Vers une canonisation?

La publication de la dizaine de photos s’inscrit dans un moment particulier dans le processus de canonisation du père Frédéric. Depuis quelques mois, la cause est pilotée par un nouveau vice-postulateur, Mgr Martin Veillette, évêque émérite de Trois-Rivières.

Le père Bonenfant continue de s’impliquer dans le dossier. Il donne un coup de main à Mgr Veillette et est secrétaire de rédaction de la revue Le Souvenir, au tirage de 800 exemplaires, qui consiste à faire connaître le fondateur du Sanctuaire Notre-Dame-du-Cap.

Joint au téléphone, Mgr Veillette explique que des représentations en couleur de Frédéric Janssoone existaient déjà, mais que ces photos permettent vraiment de voir le religieux autrement.

«Je vois l’expression du regard qui reflète sa bonté et l’attention qu’il portait aux personnes. C’est un visage bienveillant plutôt qu’un visage perdu dans le ciel», résume Mgr Veillette.

Il croit que d’avoir l’occasion de voir autrement une figure connue de l’histoire religieuse de la France et du Québec peut avoir un impact «positif» et «beaucoup plus fort» que ce que permettent les anciennes photos en noir et blanc.

Un impact qui n’est pas anodin, puisqu’il espère toujours continuer de susciter un intérêt populaire autour de cette figure qui pourrait être canonisée un jour.

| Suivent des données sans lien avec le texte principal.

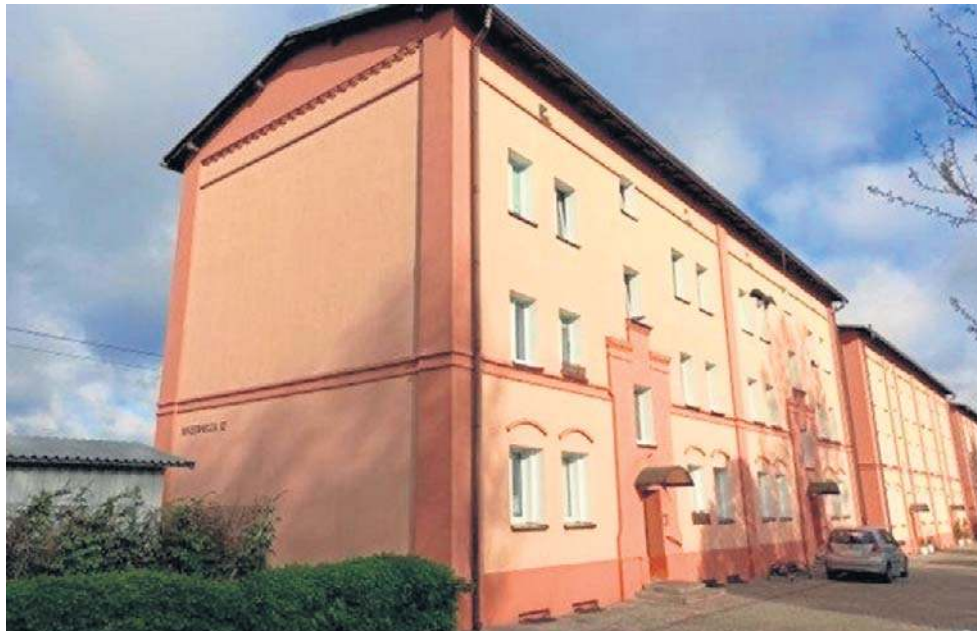
W Toruniu jest na sprzedaż dwupokojowe mieszkanie przy ulicy Urzędniczej

Z wyższymi cenami, choć nadal niespotykany na komercyjnym rynku wtórnym, wystawione są na sprzedaż lokale w większych miastach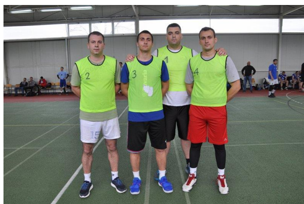
4. мјесто: ПУ Бијељина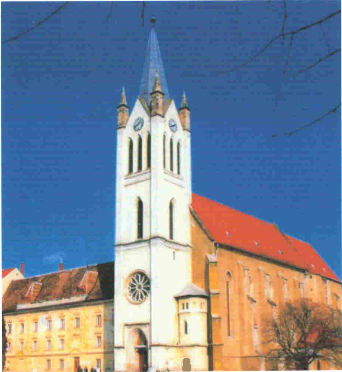
1. A Fő téri templom és kolostor (rendház)

À cet égard, Mgr Veillette montre un optimisme empreint de sobriété. On a récemment examiné de plus près le dossier médical d’une dame qui avait été mise sur une liste de personnes qui ont bénéficié d’une guérison exceptionnelle, précise-t-il. Or, à Rome, on leur a conseillé d’approfondir ce dossier et de compléter certains éléments médicaux qui pourraient permettre de croire qu’il y aurait bel et bien eu une guérison inexplicable par la science.

«C’est une piste qui semble assez prometteuse», se risque Mgr Veillette. «Nous sommes en train de clarifier tout cela. C’est un développement récent, survenus au cours des derniers mois. Nous voulions aller rencontrer l’archiviste de l’hôpital où se trouve le dossier au complet de la dame pour tout réviser, mais on doit repousser cette visite en février.»

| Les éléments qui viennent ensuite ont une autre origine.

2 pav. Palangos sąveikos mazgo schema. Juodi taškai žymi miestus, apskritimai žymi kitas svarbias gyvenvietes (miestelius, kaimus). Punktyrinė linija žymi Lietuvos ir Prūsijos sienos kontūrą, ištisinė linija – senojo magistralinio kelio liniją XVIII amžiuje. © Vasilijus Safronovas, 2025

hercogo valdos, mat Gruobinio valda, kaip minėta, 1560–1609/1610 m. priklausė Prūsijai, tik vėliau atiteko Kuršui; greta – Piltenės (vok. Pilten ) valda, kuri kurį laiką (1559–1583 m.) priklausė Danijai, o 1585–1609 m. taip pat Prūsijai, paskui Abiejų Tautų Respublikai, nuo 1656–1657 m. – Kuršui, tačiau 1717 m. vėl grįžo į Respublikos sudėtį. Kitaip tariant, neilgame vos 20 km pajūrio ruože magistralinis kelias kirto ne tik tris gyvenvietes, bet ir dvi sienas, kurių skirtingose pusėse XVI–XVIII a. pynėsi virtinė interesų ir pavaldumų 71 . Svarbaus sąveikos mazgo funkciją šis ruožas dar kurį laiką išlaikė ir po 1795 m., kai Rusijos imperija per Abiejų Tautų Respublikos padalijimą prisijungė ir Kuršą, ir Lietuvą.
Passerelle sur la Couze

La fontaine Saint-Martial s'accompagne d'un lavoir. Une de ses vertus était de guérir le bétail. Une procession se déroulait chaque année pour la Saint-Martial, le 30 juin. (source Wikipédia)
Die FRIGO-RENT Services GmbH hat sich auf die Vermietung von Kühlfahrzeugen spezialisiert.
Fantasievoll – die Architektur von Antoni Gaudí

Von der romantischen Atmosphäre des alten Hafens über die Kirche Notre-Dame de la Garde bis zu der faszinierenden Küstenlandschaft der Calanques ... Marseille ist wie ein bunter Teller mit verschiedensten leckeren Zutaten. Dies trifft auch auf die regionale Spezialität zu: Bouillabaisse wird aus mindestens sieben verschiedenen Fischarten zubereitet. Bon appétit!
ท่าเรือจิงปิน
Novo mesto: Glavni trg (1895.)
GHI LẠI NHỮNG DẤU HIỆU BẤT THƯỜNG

Le dossier n’a été écarté ni par le postulateur, ni par la commission médicale à Rome. Mgr Veillette y voit donc «une sorte d’encouragement à persévérer dans nos recherches».

«Ce n’est pas final encore. On espère pouvoir compléter ce dossier médical au cours de l’année. Pour la suite, il faudrait ensuite faire une séance diocésaine, ici à Trois-Rivières. Ça peut prendre un bon bout de temps. Il faut se projeter en termes d’années, pas en termes de mois!», dit-il.

Il ne manque actuellement qu’une guérison miraculeuse officiellement reconnue pour ouvrir la porte à une canonisation du père Frédéric.